# Anyone know where I can buy an empty Mac Pro Case?



## quikgp (Apr 21, 2009)

I know this is a random question, but stuff like this is hard to come by. I want to build an USx86 project and I'd love to do it in this case. If anyone can point me in a direction that would be great!

Thanks
Joel


----------



## lara (Mar 15, 2009)

eBay?

L


----------



## ender78 (Jan 23, 2005)

lara said:


> eBay?


You may be able to find an old and not working G5 case. That said, its going to be a great deal of work to get motherboards mounted and power supplies installed.

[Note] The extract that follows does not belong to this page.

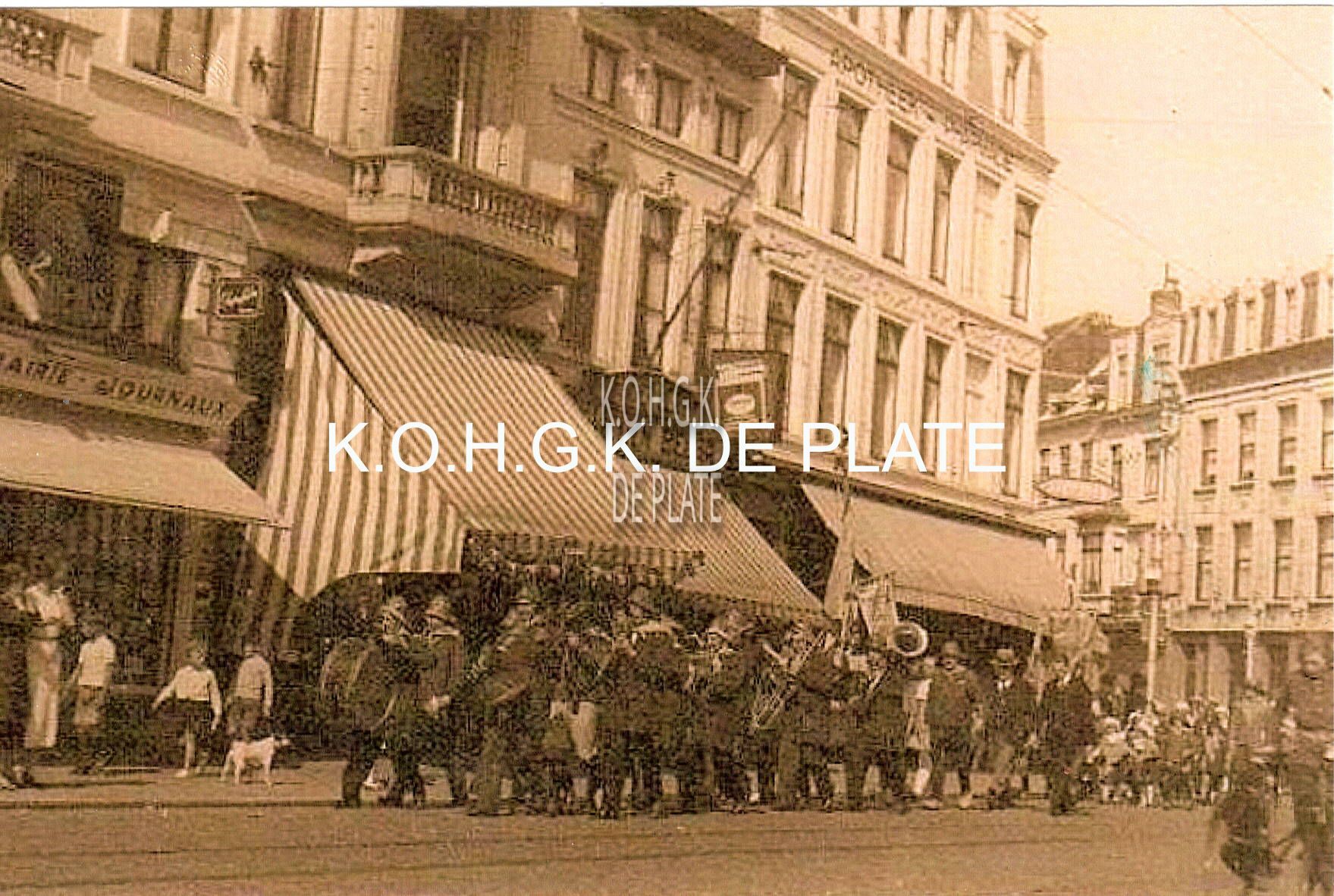 Afdruk. - Formaat : 10 x 15 cm. - De huizenrij langs de Nieuwpoortsesteenweg tussen de Koninginnelaan (links) en de Torhoutsesteenweg (rechts). Op de linkerhoek, een boekhandel, dan een groentewinkel, een tabakswinkel, en op de hoek met de Torhoutsesteenweg, apotheek Beuselinck. Waarschijnlijk een stoet

Without extensive experience , this is a no go project.

This site sells cases for about $200

922-5952 Case, Chassis: Enclosure, Apple Mac iPod


----------



## xorpion (Jul 26, 2002)

i saw someone selling one on redflagdeal.com earlier this week. Do a search there.


----------



## quikgp (Apr 21, 2009)

Thank you! that is fantastic!!! I've been looking everywhere for that. 

as for "extensive work": I look forward to that  very much so! if I didn't, I wouldn't be trying to tackle an 0sx86 project!


----------



## gordguide (Jan 13, 2001)

Ummm, have you looked in the ehMac classifieds?


----------



## xorpion (Jul 26, 2002)

[FS] Apple G5 "case only", Mac Pro "case only", Cuplex DI waterblock, A/P routers - RedFlagDeals.com Forums


----------



## monokitty (Jan 26, 2002)

gordguide said:


> Ummm, have you looked in the ehMac classifieds?


Do people sell empty Mac Pro cases on the ehMac classifieds?


----------



## passmoregas23 (Sep 28, 2005)

Would this work??

http://www.ehmac.ca/mac-desktops/74104-fs-power-mac-mac-pro-aluminum-case.html

I live in Guelph


----------